The shallow minded will celebrate the execution of Saddam as a victory and perhaps as a watershed moment.  It ain't either--i.e. victory or watershed.  If this is a pivotal moment it is simply turning a corner and driving into a deadend alley.

Remember the happy talk and predictions surrounding the death of Saddam's sons way back in July 2003?  The Times of London, in describing the demise of Uday and Qusay, reported that:

They were the targets of the first US airstrike, and repeatedly attacked during the campaign. Their escape from Baghdad was a source not just of frustration to the invasion forces, but also of gnawing anxiety to Iraq's people. With the mangled bodies retrieved by the 101st Airborne from the columned villa in the northern city of Mosul confirmed as those of Uday and Qusay, therefore, the United States has turned a corner in Iraq whose psychological importance is hard to exaggerate. Even if Saddam himself is still alive, his dynasty will be dead.

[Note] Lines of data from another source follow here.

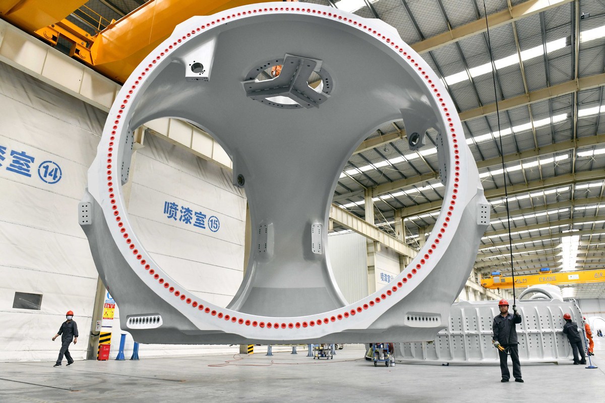 Staff members work at a workshop of a wind power equipment industrial base in Huimin county, East China's Shandong province, June 7, 2022. [Photo/Xinhua]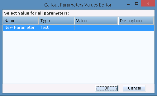 If you create a link to a callout that has callout parameters defined for it, the following window is displayed in which you can set or modify the values for those parameters: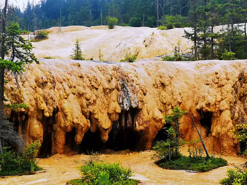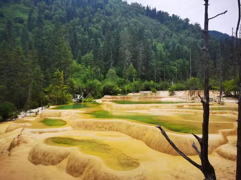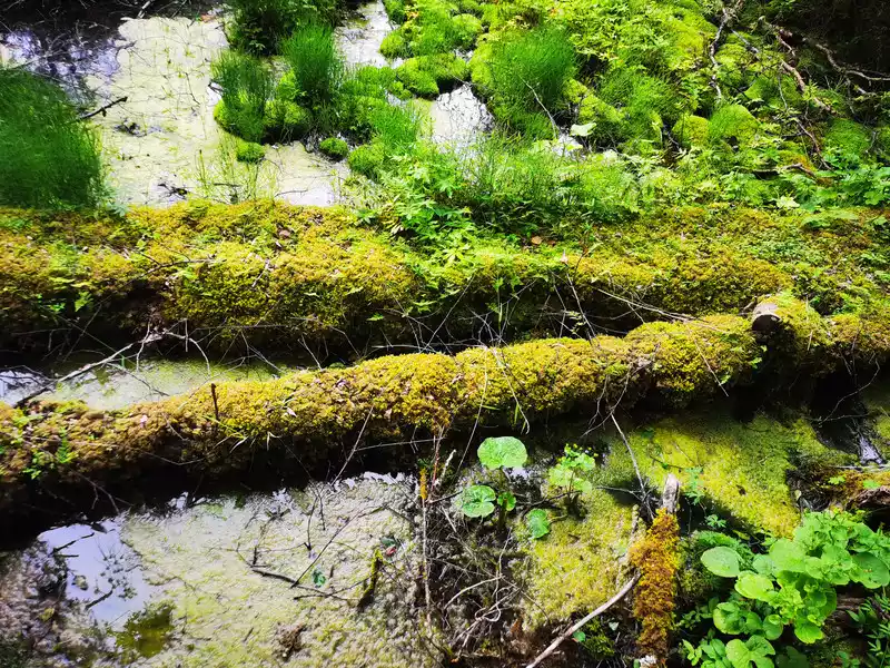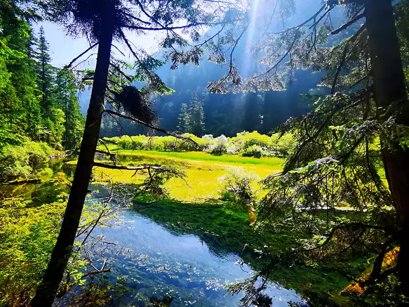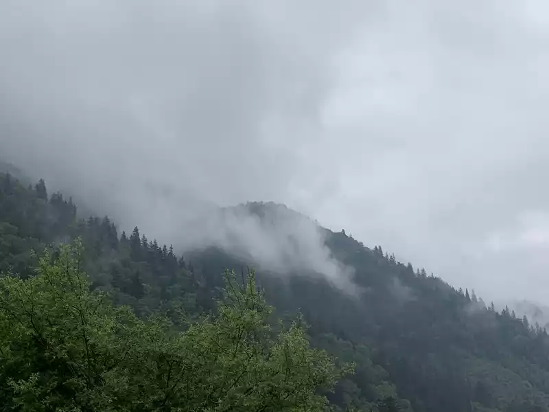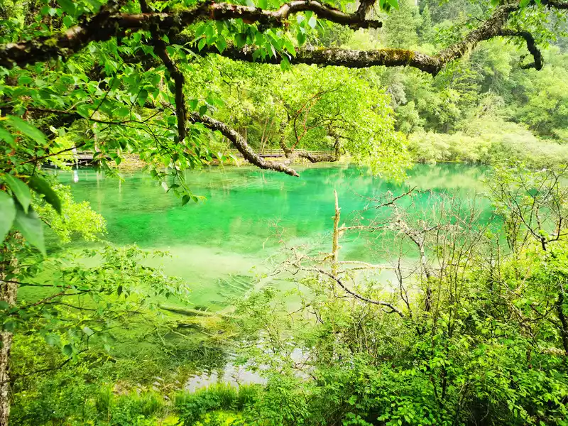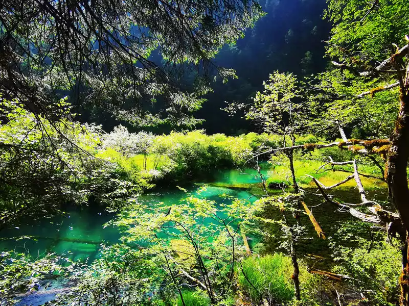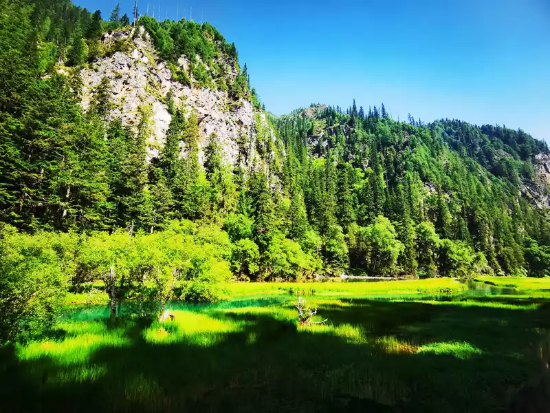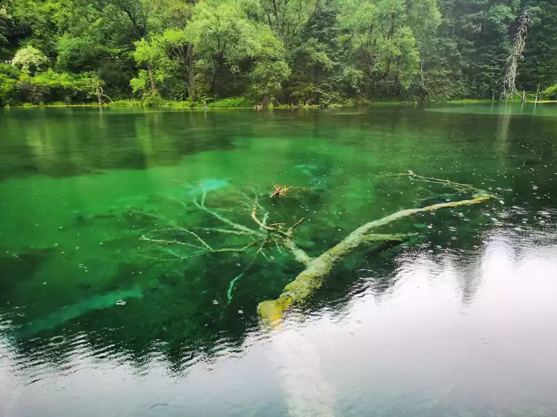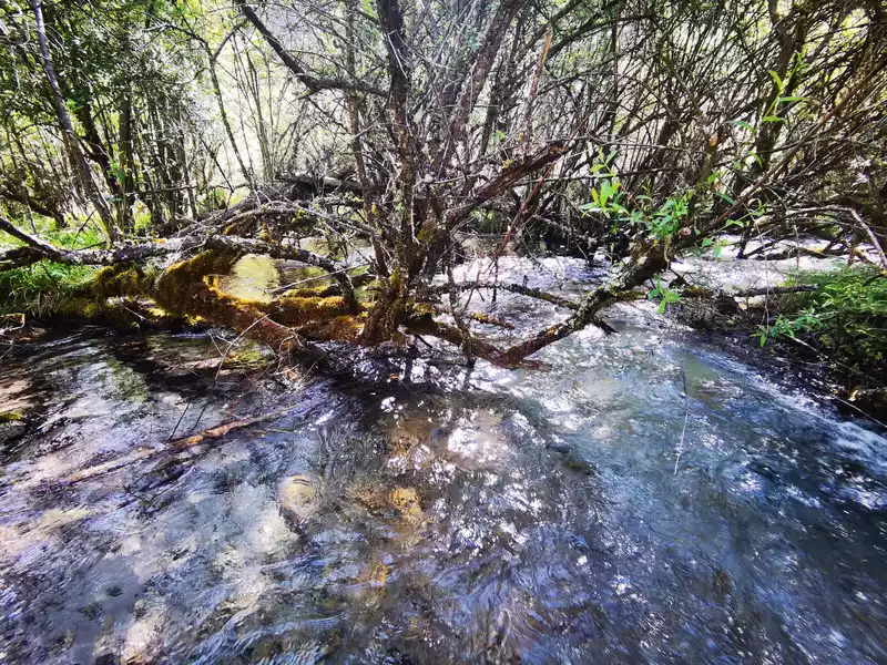 Continue down to the Arrow Bamboo Sea, one of the essence attractions in the Rize Gully, generally the travel time is limited, will get off here, do not go up to the primeval forest, here is more than 2,600 meters above sea level, because of the wide growth of arrow bamboo around, there are some calcified dead wood in the Arrow Bamboo Sea, the dead wood that emerges from the water will grow new small trees, called dead wood in spring, is a spectacle.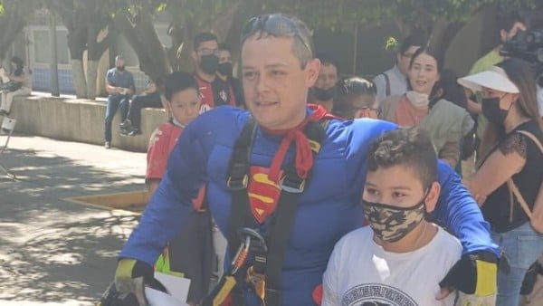 Luego, cuando terminaron el descenso, aprovecharon para ponerse sus capas y tomarse fotos con los chicos que estaban en el lugar. El personal del hospital también se disfrazó de superhéroes y princesas para hacer reír a los niños y niñas.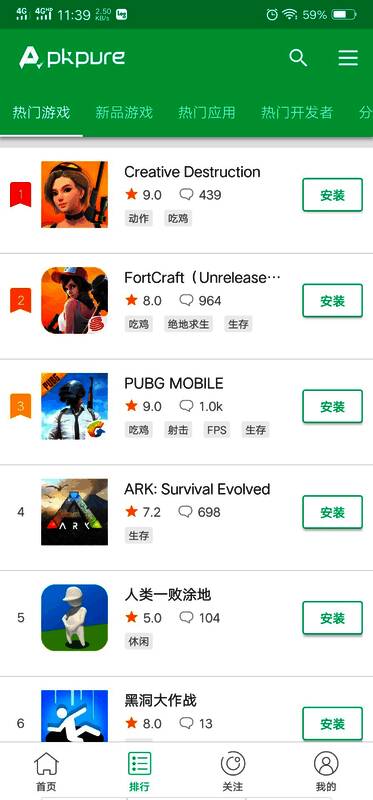 3、游戏排名,根据实际下载量对游戏进行排名,向你推荐热门游戏。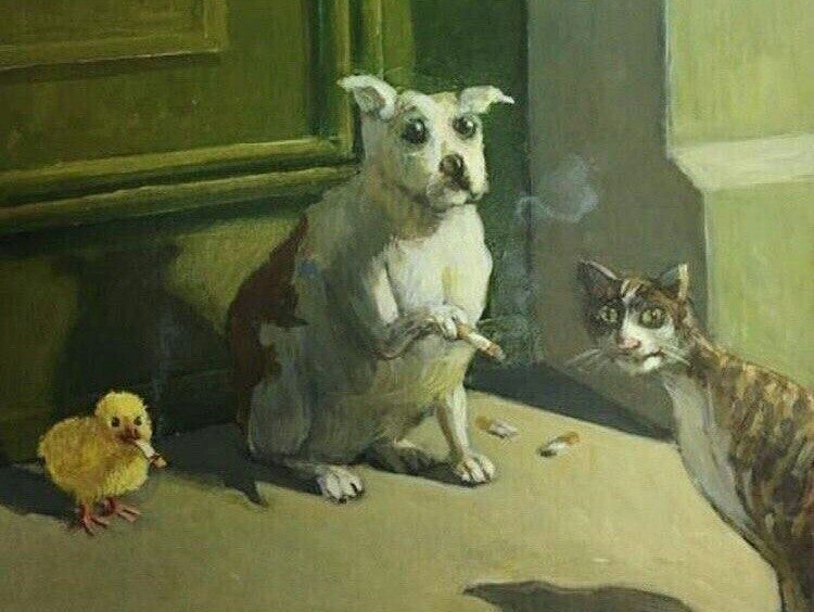 Если я правильно понял автора картина называется "Котис с камрадамы пиздят Луну"...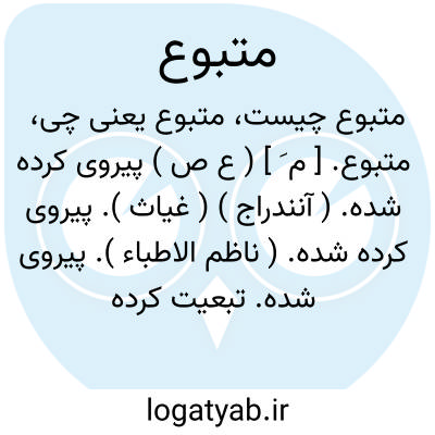 ( اسم ) پیروی شده تبعیت کرده شده اطاعت شده مقابل تابع: و خوانین و امرائ لشکریان و سایر خلایق از تابع و متبوع بنوحه و زاری در آمده. یا دولت ریاست وزارت ادار. متبوع... که از آن تبعیت و اطاعت کنند.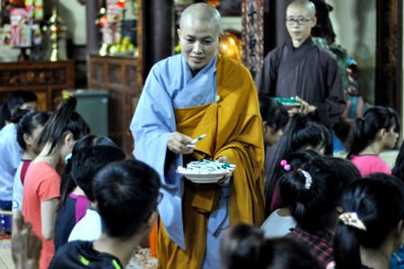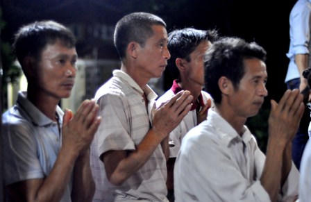 | Được sự chỉ dẫn của các sư thầy chùa Đình Quán, buổi lễ cầu an được tổ chức trong sự trang nghiêm vào buổi tối hôm trước khi các sỹ tử bước vào phòng thi. |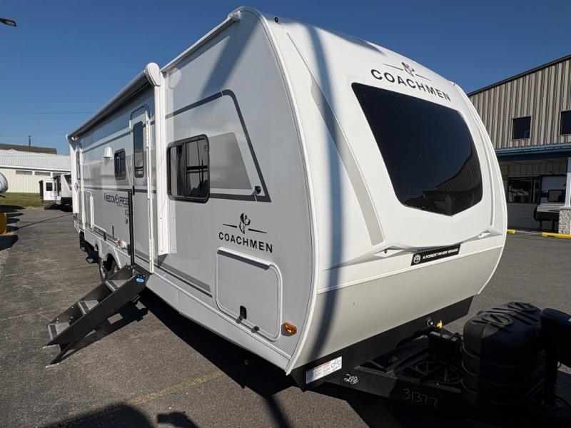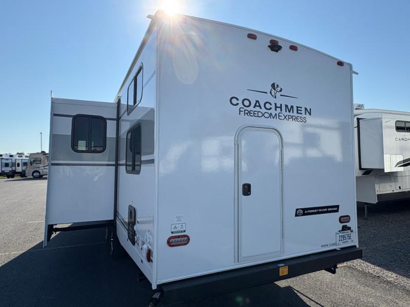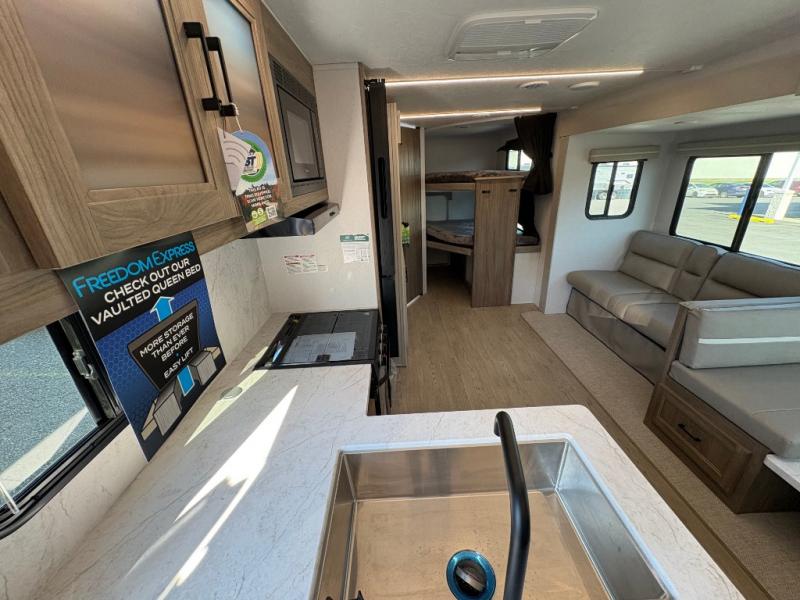 With any Freedom Express Ultra Lite travel trailer by Coachmen you will appreciate quality construction materials, such as vacuum bonded walls with Azdel composite, a 3/4 gel coated fiberglass cap with an automotive glass windshield, and a heated enclosed underbelly. Each model also features Tufflex PVC roofing, front rock guard, and E-Z Lube axles for smooth towing. Inside, you'll find kitchen backsplash, hidden hinge cabinetry, and wear-resistant vinyl flooring throughout. The power tongue jack included with the Ultra Lite Express Package will make set-up a breeze, and each model includes back-up camera prep and they are Freedom solar ready if you plan to go off-grid. Enjoy lightweight camping with a Freedom Express Ultra Lite travel trailer today!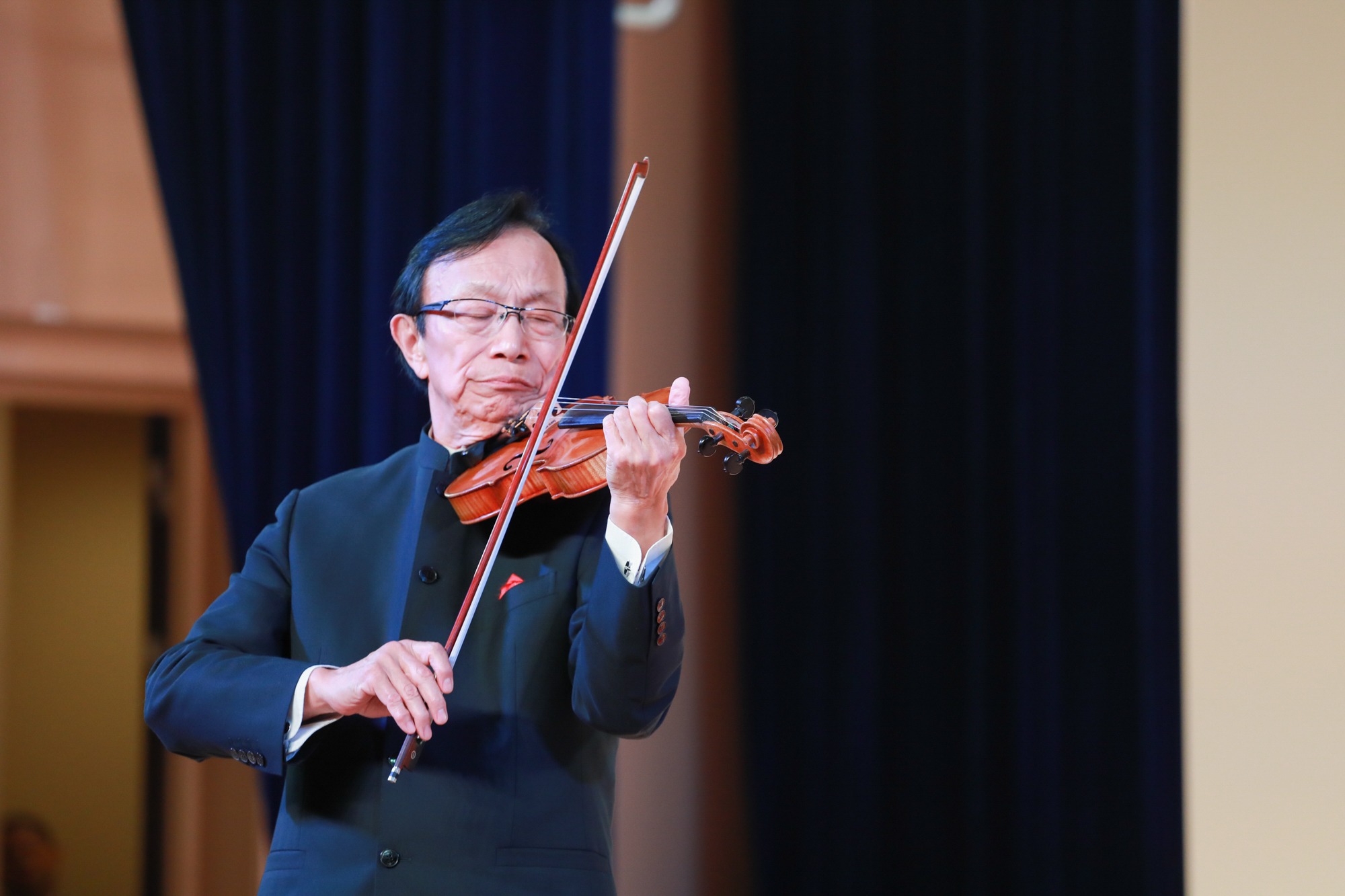 谢幕时,刘育熙教授深深鞠躬的身影与观众络绎不绝的掌声形成了一幅壮美的画面。刘育熙自12岁开始学习小提琴,至今近七十载,技艺精湛,赢得观众的热爱。教学之余,他致力于中国小提琴艺术的探索和高雅艺术的普及,在国内举办了五百余场音乐会,为教育青年而身体力行,受到广大观众的欢迎。

Turning that corner turned out swell, didn't it?  How about Professor Fouad Ajami's nifty prophecy about the benefits we would reap from Saddam's capture?

In a 60 Minutes interview on December 14, 2003, Dan Rather asked Ajami about Saddam's capture:

Prof. AJAMI: Well, I think I believe that the way we captured Saddam Hussein, and the fact that he gave up without--without a fight will take the oxygen out of a certain kind of resistance to the American presence. When the man himself in this hole in the ground give himself up without a fight, it's very difficult for these jihadists--kids from Saudi Arabia and Syria and etc. who will come to Iraq ready to fight and die for the cause.

Now there are what our military in the love of acronyms call the FRLs, the former regime loyalists. They, too, I think will be deeply discouraged and deeply dispirited by the way he gave up. Will it be--will it be fully a panacea there? Will everything come to an end? Will all the resistance come to an end? Not--not quite. But I think it's a great day for us, and we have turned a corner in this battle for a decent and--and stable Iraq.

Fouad, nice try but big miss.  Today we mourn the largest loss of U.S. soldiers in one month since January 2005.  Iraq is neither decent nor stable.  It is a bloody disaster.  And the execution of Saddam  adds to the bloodlust that drenches Iraq and spews the venom poisoning the prospects for a stable, non-sectarian Iraq.  But, look on the bright side.  It is a slow news day and the B-teamers manning the 24 hour news channels will have something to bloviate about as they celebrate the new corner we are turning.  Happy New Year.